• Dataset content
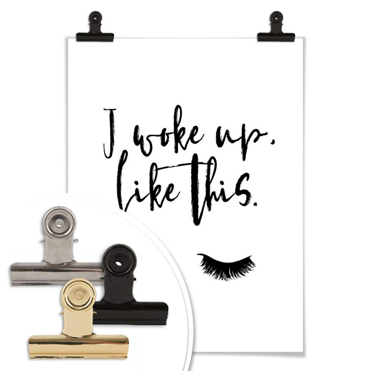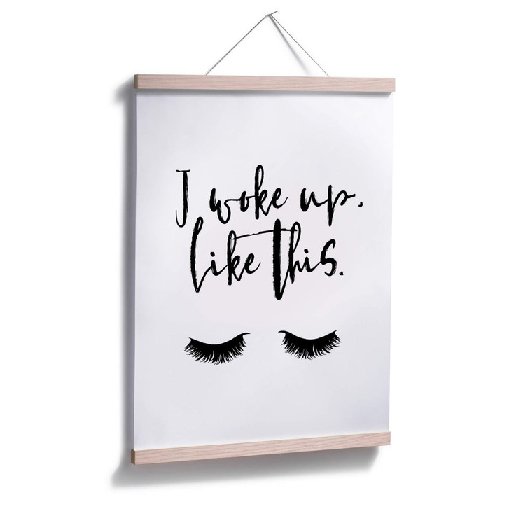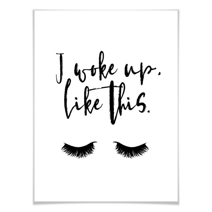 Dekorieren Sie Ihre Wand mit dem Typografie-Poster: "I woke up like this" mit den dichten Wimpern. Das weisse Poster ist in verschiedenen Grössen erhältlich. Die kreative Wandbefestigung können Sie gleich dazu bestellen.
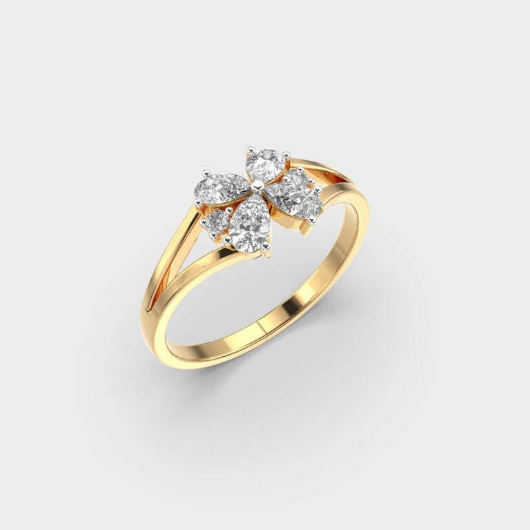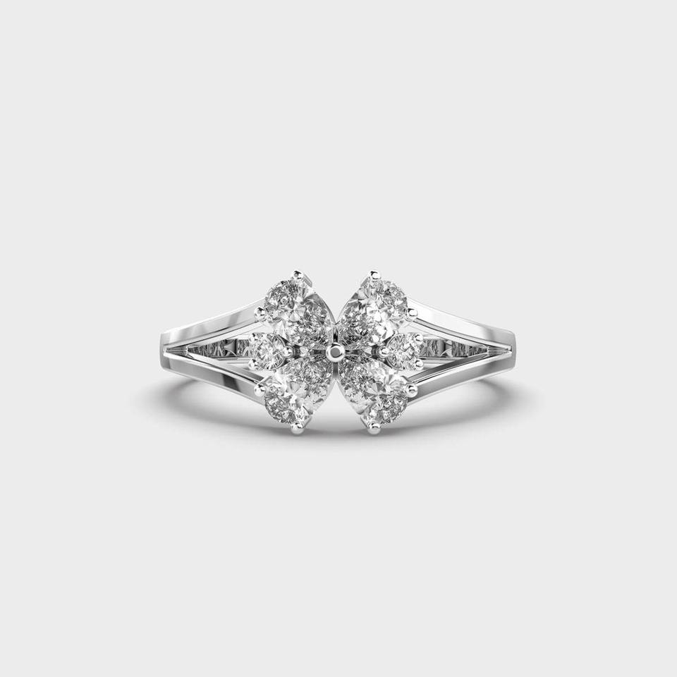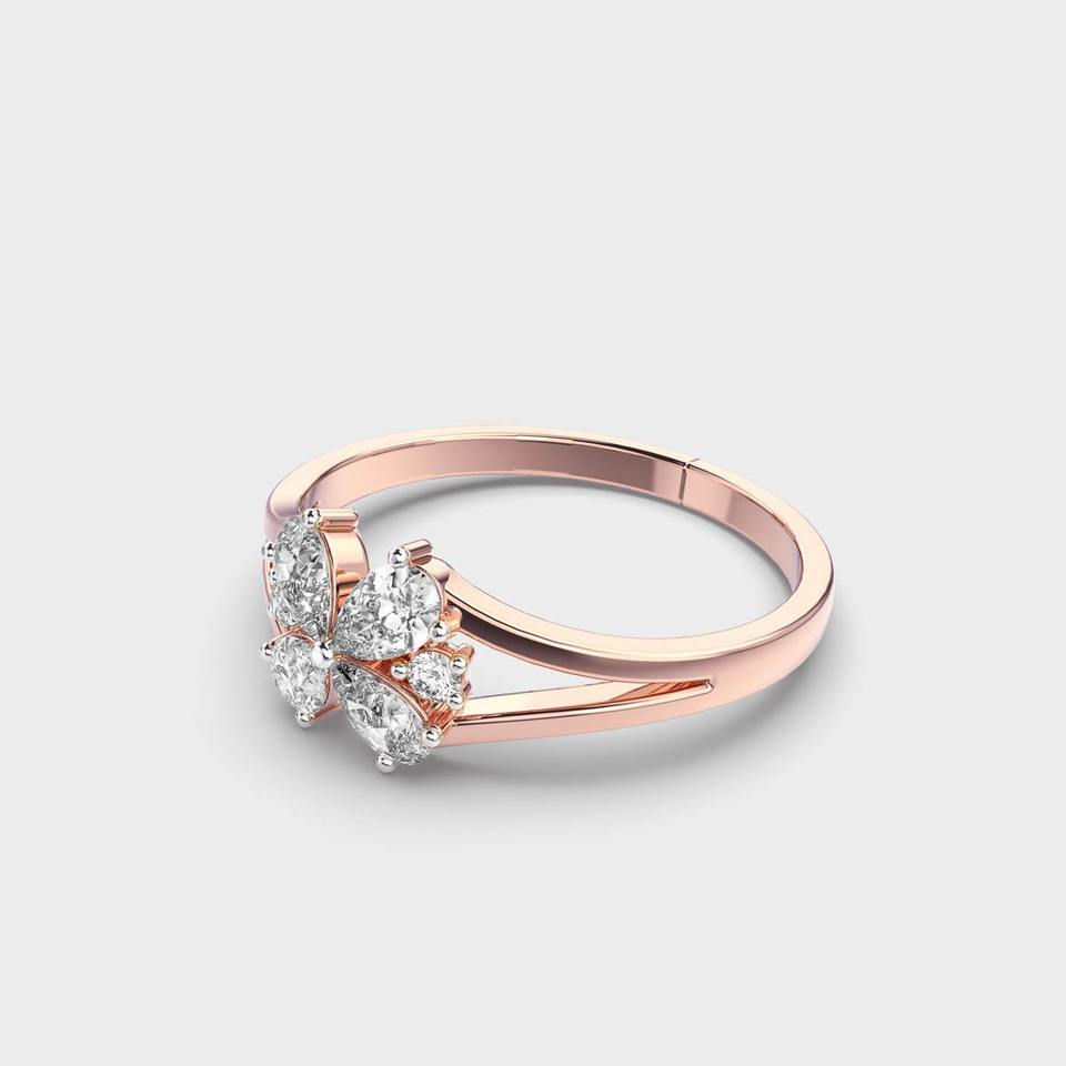 แหวนหมั้นเพชรทรงลูกแพร์ 1.50 กะรัต เพชรเลี้ยงในห้องปฏิบัติการ ดีไซน์รูปผีเสื้อประดับดอกไม้ แหวนแต่งงานสไตล์ลำลอง ชุบโรเดียม
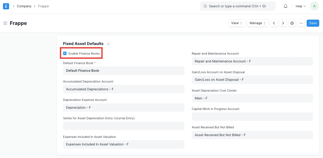 Để sử dụng Sổ Tài chính, bạn cần kiểm tra Bật Sổ Tài chính trong phần Mặc định Tài sản Cố định của Công ty tổng thể.
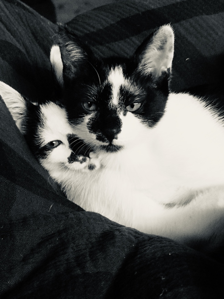 ※上に乗っている、額に麦のような模様があるのがコムギ
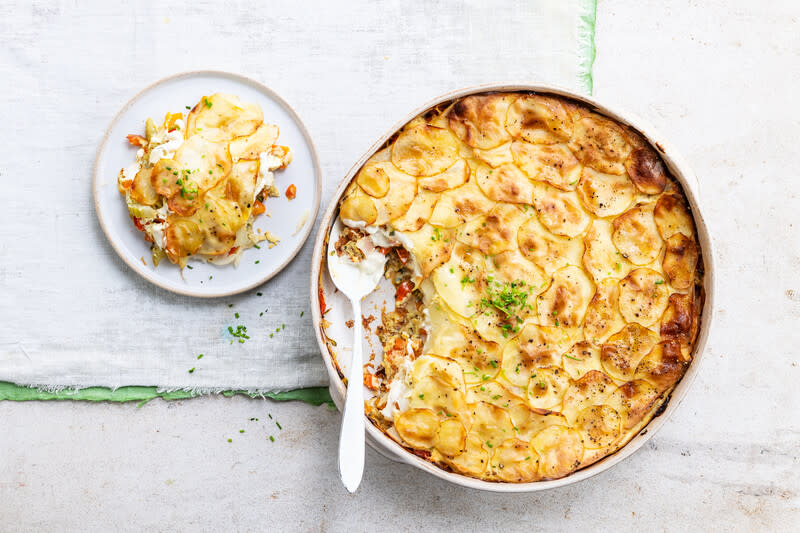 Mit Kartoffelscheiben abschließen. Kartoffelscheiben dünn mit Öl bestreichen, Auflauf mit Alufolie abdecken und 15 Minuten im Ofen backen.
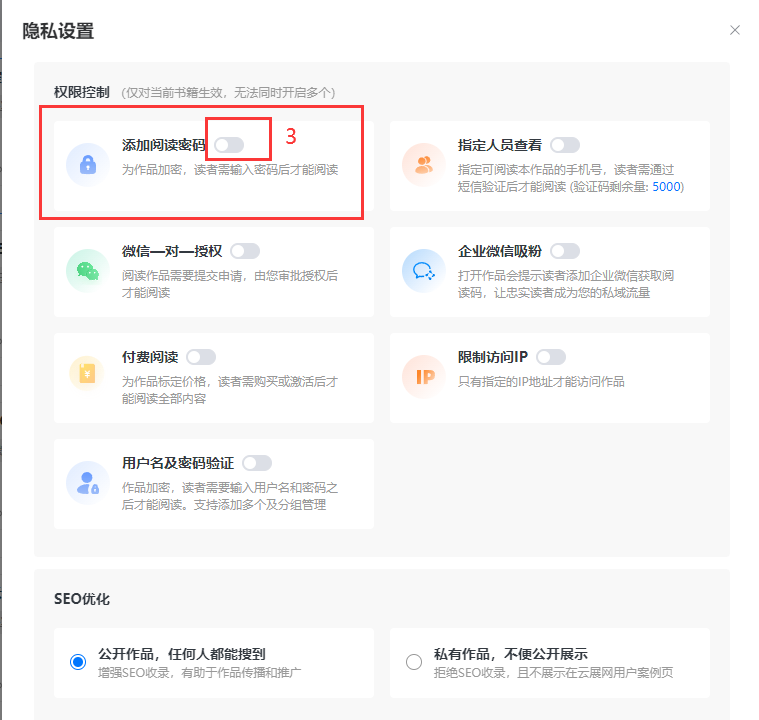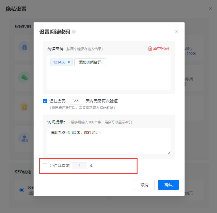 如果你想允許讀者看幾頁之后再要求輸入密碼,可設(shè)置一下允許查看幾頁。
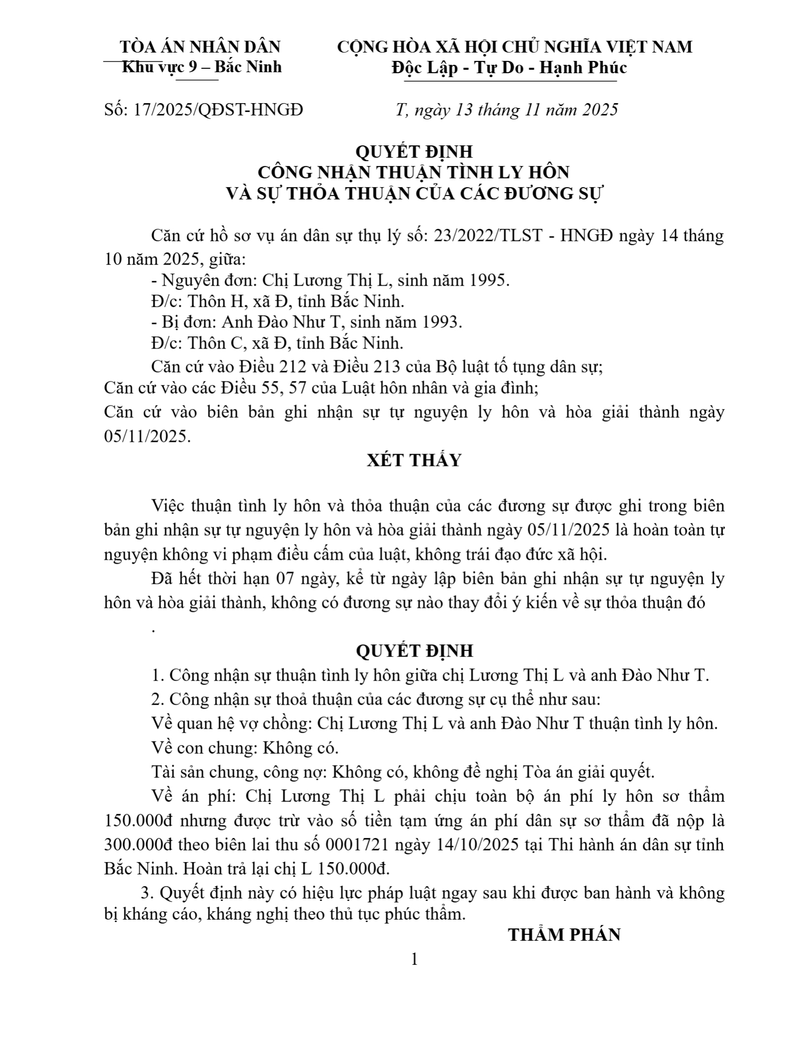Quyết định số 17/2025/QĐST-HNGĐ ngày 13/11/2025 của Tòa án nhân dân khu vực 9 - Bắc Ninh, tỉnh Bắc Ninh về vụ án ly hôn về mâu thuẫn gia đình
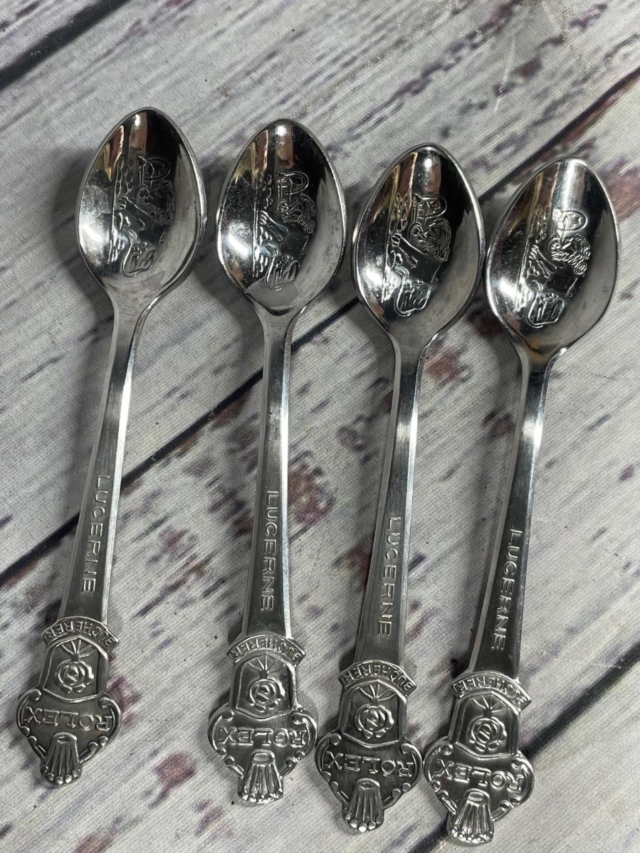 All spoons are in great condition and some come in their original packaging. This set includes: 4 Rolex Bucherer spoons, 1 Mormon Temple Spoon, 1 Park City 1884 Teaspoon, and 1 Flower designed spoon from Korea. The only spoons that aren’t in packaging are the set of 4 Rolex spoons.
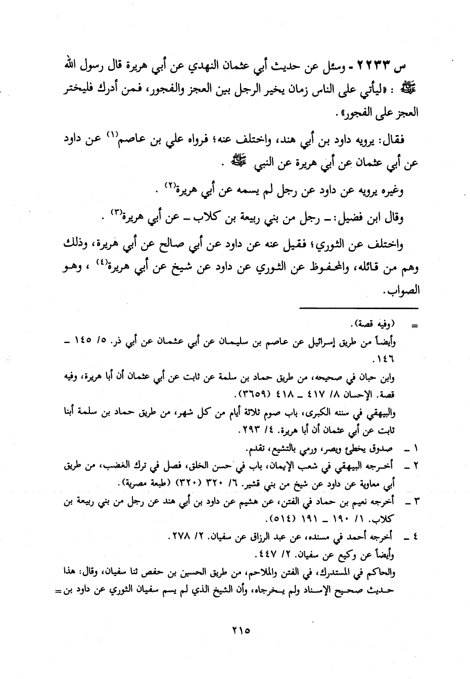 2233- وَسُئِلَ عَنْ حَدِيثِ أَبِي عُثْمَانَ النَّهْدِيِّ، عَنْ أبي هريرة، قال رسول الله صلى الله عَلَيْهِ وَسَلَّمَ: لَيَأْتِي عَلَى النَّاسِ زَمَانٌ يُخَيَّرُ الرَّجُلُ بَيْنَ الْعَجْزِ وَالْفُجُورِ، فَمَنْ أَدْرَكَ فَلْيَخْتَرِ الْعَجَزَ عَلَى الفْجُوُرِ.
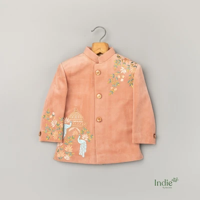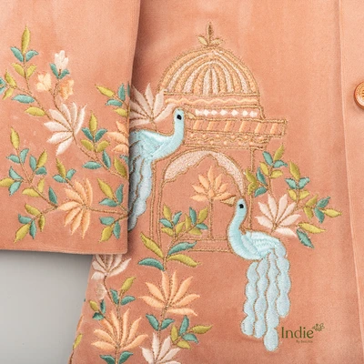 White Peacock Embroidered Red Velvet Kurta With Beige Pant
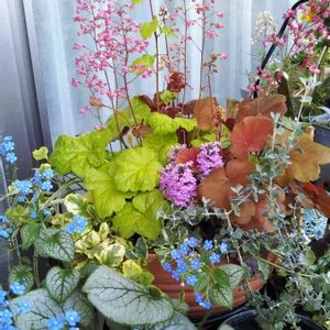 ジューンベリーの株元🌱 半日陰ですが、綺麗な葉色のヒューケラとブルンネラが明るくしてくれます✨

• Exercise instructions
The records above should be output exactly, but without any of their pictures.

• Result of the task
 Dekorieren Sie Ihre Wand mit dem Typografie-Poster: "I woke up like this" mit den dichten Wimpern. Das weisse Poster ist in verschiedenen Grössen erhältlich. Die kreative Wandbefestigung können Sie gleich dazu bestellen.
 แหวนหมั้นเพชรทรงลูกแพร์ 1.50 กะรัต เพชรเลี้ยงในห้องปฏิบัติการ ดีไซน์รูปผีเสื้อประดับดอกไม้ แหวนแต่งงานสไตล์ลำลอง ชุบโรเดียม
 Để sử dụng Sổ Tài chính, bạn cần kiểm tra Bật Sổ Tài chính trong phần Mặc định Tài sản Cố định của Công ty tổng thể.
 ※上に乗っている、額に麦のような模様があるのがコムギ
 Mit Kartoffelscheiben abschließen. Kartoffelscheiben dünn mit Öl bestreichen, Auflauf mit Alufolie abdecken und 15 Minuten im Ofen backen.
 如果你想允許讀者看幾頁之后再要求輸入密碼,可設(shè)置一下允許查看幾頁。
Quyết định số 17/2025/QĐST-HNGĐ ngày 13/11/2025 của Tòa án nhân dân khu vực 9 - Bắc Ninh, tỉnh Bắc Ninh về vụ án ly hôn về mâu thuẫn gia đình
 All spoons are in great condition and some come in their original packaging. This set includes: 4 Rolex Bucherer spoons, 1 Mormon Temple Spoon, 1 Park City 1884 Teaspoon, and 1 Flower designed spoon from Korea. The only spoons that aren’t in packaging are the set of 4 Rolex spoons.
 2233- وَسُئِلَ عَنْ حَدِيثِ أَبِي عُثْمَانَ النَّهْدِيِّ، عَنْ أبي هريرة، قال رسول الله صلى الله عَلَيْهِ وَسَلَّمَ: لَيَأْتِي عَلَى النَّاسِ زَمَانٌ يُخَيَّرُ الرَّجُلُ بَيْنَ الْعَجْزِ وَالْفُجُورِ، فَمَنْ أَدْرَكَ فَلْيَخْتَرِ الْعَجَزَ عَلَى الفْجُوُرِ.
 White Peacock Embroidered Red Velvet Kurta With Beige Pant
 ジューンベリーの株元🌱 半日陰ですが、綺麗な葉色のヒューケラとブルンネラが明るくしてくれます✨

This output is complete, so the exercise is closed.